I got off the train in Houston, which was a very small station located underneath one of the busy freeways downtown. There was a lot of activity on the platform as many people were de-boarding there and meeting family members. I went inside to find some Amtrak souvenirs, much to my surprise they had some and I bought a Sunset Limited mug that I didn't even know existed. There were two of them in the display case, a blue one and a black one. I asked the clerk for a black one but he told me they were out of the black unless I wanted to buy the display one. He reached under the counter and found a brand new black one and that's what I bought.

For the first time ever I decided to have lunch in my room rather than sit in the diner. I asked Lloyd while on the platform in Houston if he would get me lunch at the first call. He hesitated a little bit saying something about being busy at the time and I said that it was fine and that I was not in a hurry. About an hour later he came to my room and asked me what I wanted. I ordered the Ruben since it was so good yesterday. No idle chatter for me today at lunch, which is what I prefer.

I have heard several comments and have noticed myself how bad the track is here between Houston and New Orleans. Another observation is that we seemed to follow a local road or roads through this whole stretch into New Orleans. Because of this the engineer must blow his horn at every over-crossing which got a little annoying even though I love to hear the train whistle in the background. Since my sleeping car is the second one from the front the sound is very loud. Even so, it didn't seem to bother the hour and a half nap that I took this afternoon.

We are still two hours behind schedule.

I had a rather interesting dinner with a man in his 60s who was very well read and new everything about books and the poetry culture. He was on his way to visit his son in New York. Since I am, for the most part, a listener and he seemed to be a talker we made a good combination. Over a catfish dinner I listened to his stories about how he had been homeless in New York for a while and actually lived in the train tunnels under Manhattan. He told stories of being in Paris and living with a woman who always started a sentence but would not finish it. I told him I knew a guy at my work who always finished the other persons sentences and that we should get the two together to have a conversation. We both laughed at that thought.

It was a pleasant dinner even though I ate way too much and am stuffed. I will have to do some walking in New Orleans tonight to work off some of this food. That's one thing about Amtrak, like a cruise, they feed you way too much good food.

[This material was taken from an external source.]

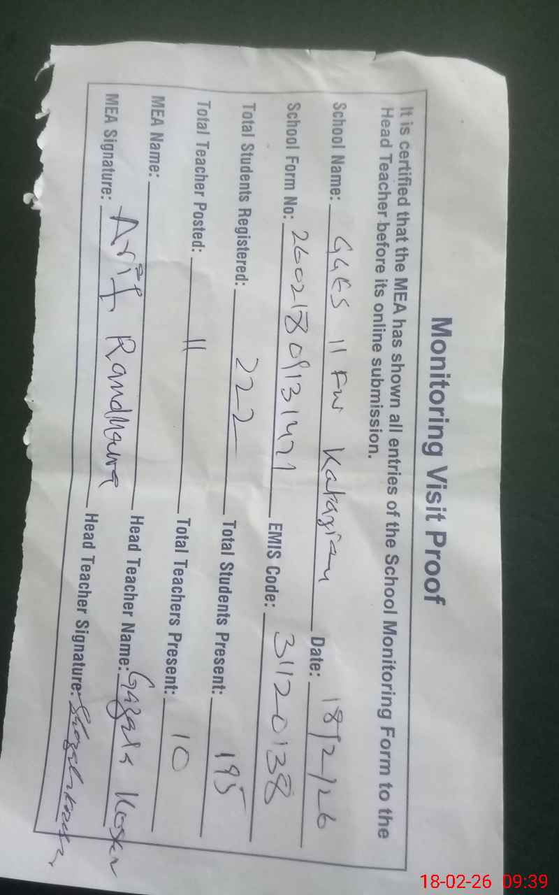 | EMIS Code: 31120138 | Name of School: GGES CHAK NO. 11/FW KATARIAN | |||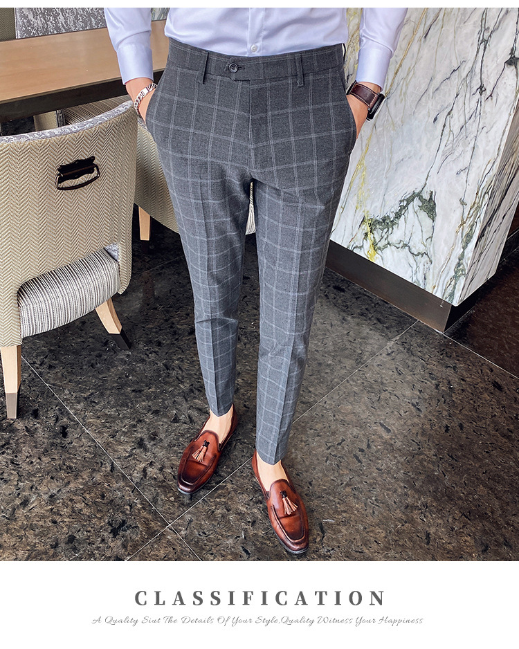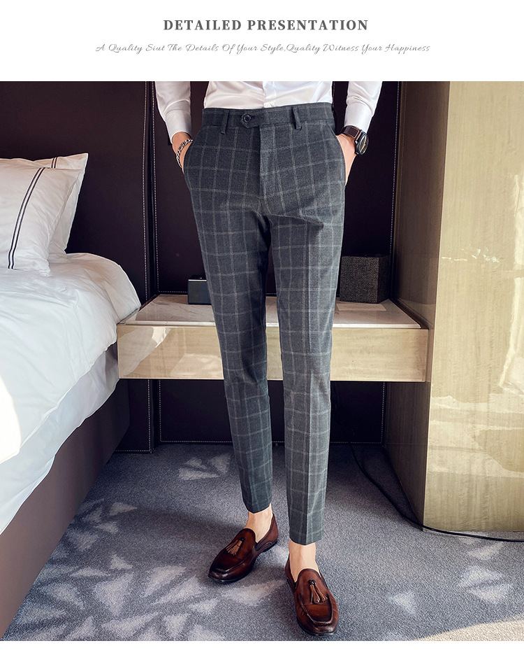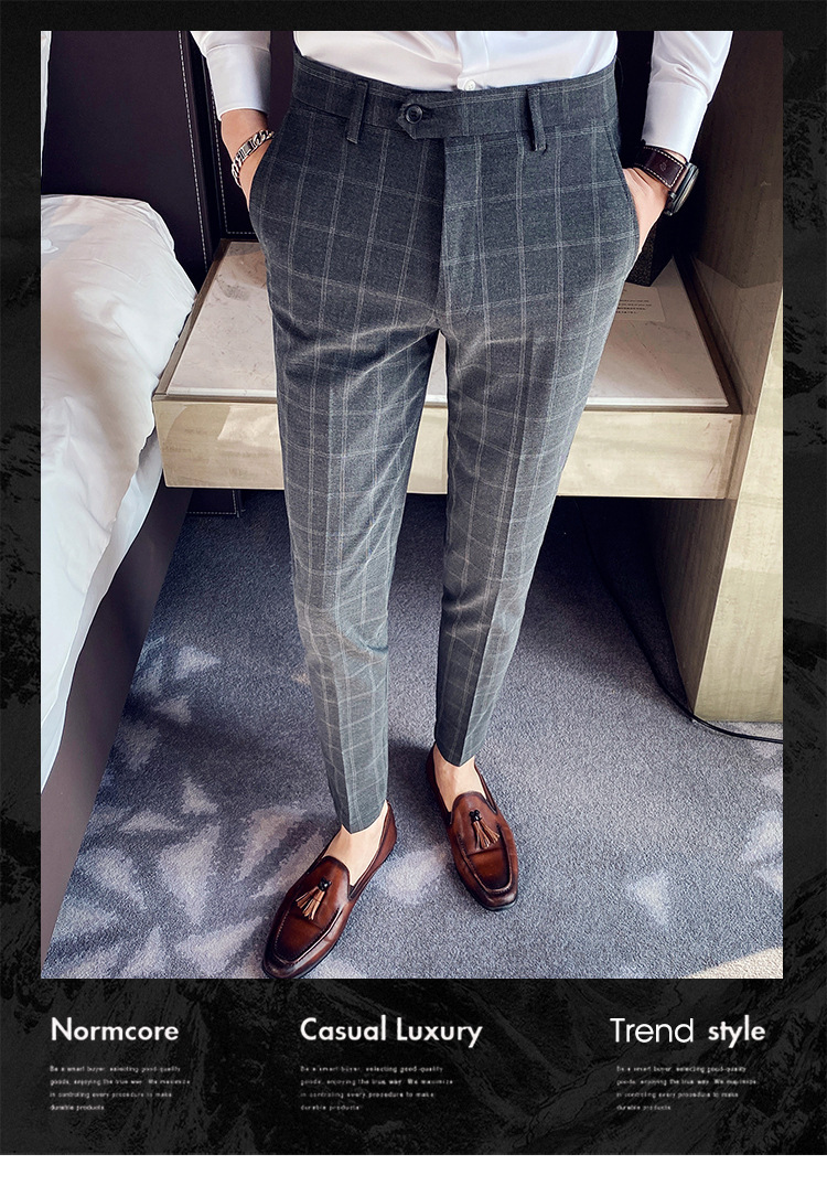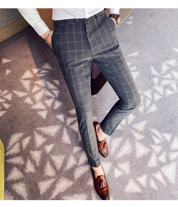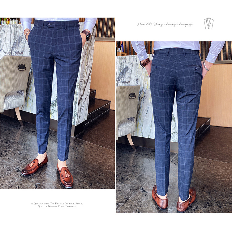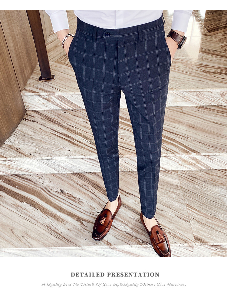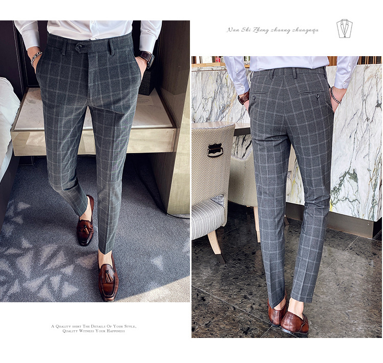 Отзывы о High-quality men’s casual pants Fashion plaid Korean style trousers with small feet Men’s formal Exact Suit | Мужская одежда

We got into New Orleans about 3 hours late it was about 10:00PM. I had heard horror stories about trying to catch a cab when arriving into New Orleans so I bolted off the train to try to be first in line to catch a taxi to my hotel downtown. I guess everyone else knew of the same taxi problem because everyone on the train was also standing out front hailing the next cab. I was very aggressive and managed to get lucky and finally got a cab even before those who had been waiting longer. When there is a crowd like that you don't know who is waiting for a cab and who is waiting for friends or a hotel shuttle. My guess is that most of these were people waiting for taxis. When I got in my cab I noticed a lady on crutches talking to my driver. All the sudden I felt really bad and sunk into my seat. Had I stolen a lady with crutches taxi-cab? She opened the front door and stuck her head inside and asked if I minded that we share a cab to downtown. Of course I did not mind since I kind of thought I stole it anyway. At the point I would have just given it to here had she asked.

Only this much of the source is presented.